How to Tell It Apart from Look-Alikes
- Jacaranda has similar ferny leaves but bears blue trumpet flowers and round woody disc pods, and its leaves are opposite.
- Honeylocust (Gleditsia) has compound leaves and flat pods but bears greenish flowers and often thorns, with a tall (not flat) crown.
- Royal poinciana has bigger fern leaves and flaming red flowers, in tropical climates.
- The combination of pink powderpuff flowers + folding ferny leaves + flat bean pods is unique to mimosa.
Where You'll Find It
Mimosa is planted as an ornamental and has escaped widely along roadsides, fencerows, stream banks, and disturbed clearings across the southeastern, mid-Atlantic, and lower Midwest US, plus warm parts of the West. It seeds prolifically and resprouts vigorously, making it a noted invasive. Look for its pink-topped, flat crowns in summer.
Quick ID Checklist
- Pink silky powderpuff flowers in summer
- Fern-like bipinnate leaves that fold up at night
- Flat tan bean pods persisting into winter
- Low, wide, flat-topped spreading crown
- Common along roadsides and disturbed ground in warm regions
Pink powderpuffs over folding ferny foliage with dangling flat pods confirm the mimosa silk tree.
Frequently asked questions
Why do mimosa leaves fold up at night?
The tiny leaflets perform a nyctinastic 'sleep' movement, closing in darkness and during rain due to changes in cell turgor at the leaf base, then reopening by day.
How do I tell mimosa from jacaranda?
Both have lacy fern-like leaves, but mimosa has pink powderpuff flowers, flat bean pods, and alternate leaves, while jacaranda has blue trumpet flowers, round woody pods, and opposite leaves.

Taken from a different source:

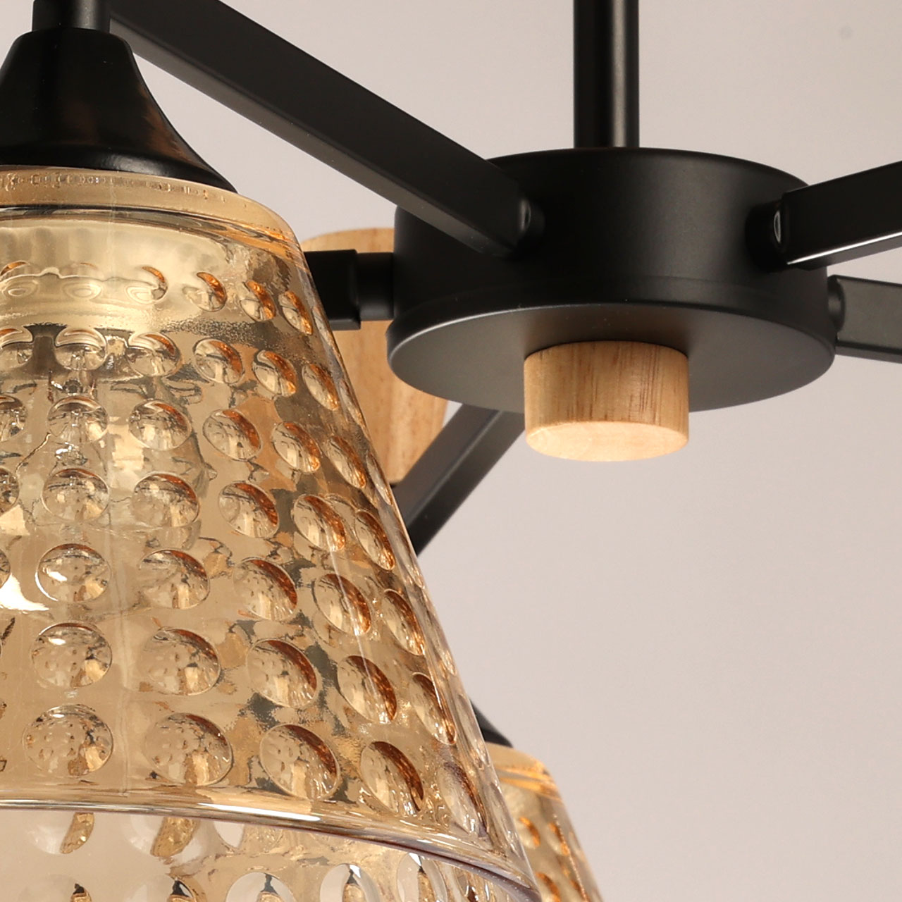 Металлическое основание потолочной люстры окрашено в черный цвет. Стеклянные плафоны отлиты в сложную форму и гальванизированы в цвет шампань. Светильник декорирован элементами из натурального светлого дерева.

Is the mimosa tree invasive?
Yes, in the warmer United States it seeds prolifically, sprouts from cut stumps and roots, and spreads along roadsides and waterways, displacing native plants.
What do mimosa flowers look like up close?
Each 'flower' is a cluster of long, silky, thread-like pink stamens forming a fluffy powderpuff, typically deeper pink at the tips and whitish toward the base.